In terms of the intensity process, (3) can be rewritten as

$$E\{d{N}^{nr}\left(e^{{\mathit{X}}^{\mathsf{T}}{\beta }_0^{nr}\left(\tau \right)}\right)\mid Y^{nr}\left(e^{{\mathit{X}}^{\mathsf{T}}{\beta }_0^{nr}\left(\tau \right)}\right)\mathit{Z}\}=Y^{nr}\left(e^{{\mathit{X}}^{\mathsf{T}}{\beta }_0^{nr}\left(\tau \right)}\right)\frac{1}{1-\tau }d\tau .$$ (4)

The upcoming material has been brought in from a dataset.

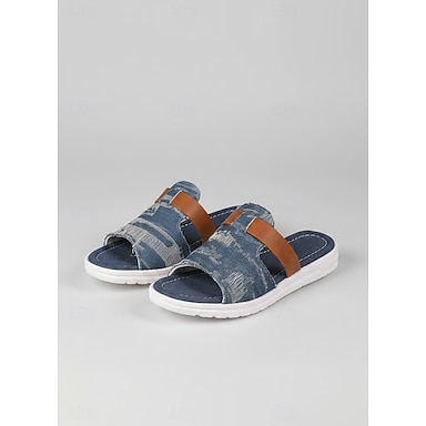 sandálias femininas de ganga com detalhes em pele sintética, estilo rústico chique de quinta para churrascos no quintal, caminhadas no campo e uso diário casual
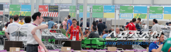 런던올림픽 개막을 사흘 앞둔 24일 오후 각국의 선수와 임원 등이 런던 스트라트포드 올림픽 선수촌 내 식당에서 다양한 종류의 음식을 즐기고 있다.

By (4), the intensity for N^nr(t) equals $\frac{Y^{nr}\left(e^{{\mathit{X}}^{\mathsf{T}}{\beta }_0^{nr}\left(\tau \right)}\right)}{(1-\tau )e^{{\mathit{X}}^{\mathsf{T}}{\beta }_0^{nr}\left(\tau \right)}\left\{{\mathit{X}}^{\mathsf{T}}{\stackrel{.}{\beta }}_0^{nr}\left(\tau \right)\right\}}$ at time $t=e^{{\mathit{X}}^{\mathsf{T}}{\beta }_0^{nr}\left(\tau \right)}$, where ${\stackrel{.}{\beta }}_0^{nr}\left(\tau \right)$ denotes the derivative of ${\beta }_0^{nr}\left(\tau \right)$ with regard to τ. This shows that censored quantile regression does not imply a simple relationship between event intensity process and covariates, unlike the Cox model (2). Nevertheless, there exists an analogy between (2) and (4) in the sense that both models incorporate covariate effects via specifying the link between the counting process N^nr(·) and the at-risk process Y ^nr(·). Such a view implicates a general strategy for modeling a counting process, which is not limited to formulating covariate effects on its intensity process.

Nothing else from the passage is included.